Industrial Engineer from Universidad de Chile (distinción máxima) currently at ClaroVTR as Efficiencies Engineer — building end-to-end forecasting systems with XGBoost / LightGBM / Prophet ensembles for enterprise clients (~$30M CLP/month identified savings).

Based in Santiago, Chile. Comfortable in Spanish and English.

🏆 Flagship trilogy (2026) — Classical ML · LLM/RAG · Real-time Agent

Three sibling projects designed as one coherent platform.
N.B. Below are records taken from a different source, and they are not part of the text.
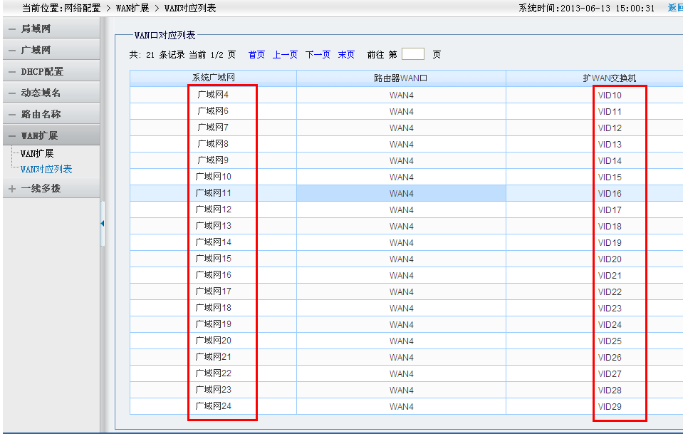 这里可以看到扩wan列表中总共有21条记录。广域网4为VID10,广域网6为VID10。
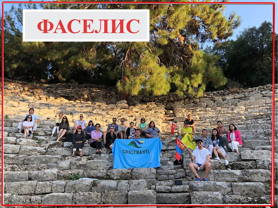 Биднийг нийт 10 цагийн нислэгийн дараа Анталья хотод газардахад хөтөч Наагий, Туркийн аялал жуулчлалын яамнаас томилогдсон хөтөч Ведат нар угтан авсан юм. Турк улс аялал жуулчлалынхаа салбарт ихэд анхаарч, гадаадын аялагчдад зориулан Аялал жуулчлалын яамнаасаа тусгай хөтөч гаргаж өгдөг. Ийнхүү бид Анталья хотоос баруун тийш үзэсгэлэнт байгаль, Газар дундын тэнгисийн эргийг даган явсаар “Акка” хэмээх зочид буудалд байрласныхаа дараа эртний Ромын Фаселис хотыг үзэж сонирхлоо.
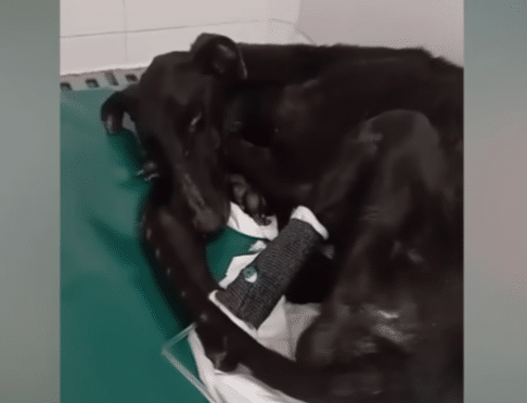 When Coco was finally discovered, the sight was difficult to forget. His body was dangerously thin, his ribs and spine sharply visible beneath his skin. His legs trembled as he tried to stand, and moments later, his strength gave out completely. He collapsed, exhausted, dehydrated, and overwhelmed. At that moment, Coco weighed far less than any healthy dog should, and his life was hanging by a thread.

Project 3 consumes Project 1's registered model via MLflow and Project 2's RAG endpoint as an agent tool — the code and the data flow are connected, not three unrelated demos.

#	Project	What it proves	Headline result
1	energy-forecasting-databricks ⚡	Classical ML + Databricks Unity Catalog · LightGBM vs LSTM vs Isolation Forest · SHAP · Medallion architecture	LightGBM MAPE 1.81% on 2 years of CAISO data; local vs Databricks ≡ 1.81 % vs 1.83 % (reproducible)
2	energyscholar-rag 📚	LLM engineering · provider-agnostic (Groq/Claude/OpenAI/OpenRouter) · hybrid BM25+vector retrieval · cross-encoder rerank · RAGAS gated on CI	RAGAS context_precision 0.81, answer_relevancy 0.996 on arXiv energy papers
3	gridpulse-realtime-agent 🚨	Real-time streaming · custom LLM agent with OpenAI-compatible function calling · integrates Projects 1 + 2 as tools	Agent composed a fully grounded incident report (no hallucinated figures) and posted to Discord HTTP 204 ✓ after 5 tool calls

The story these three tell together: detect an anomaly in streaming telemetry → ask the classical forecaster what the expected value was → ask the RAG what the literature says → compose an incident report grounded in tool outputs → alert on-call. That's the system, not three isolated repos.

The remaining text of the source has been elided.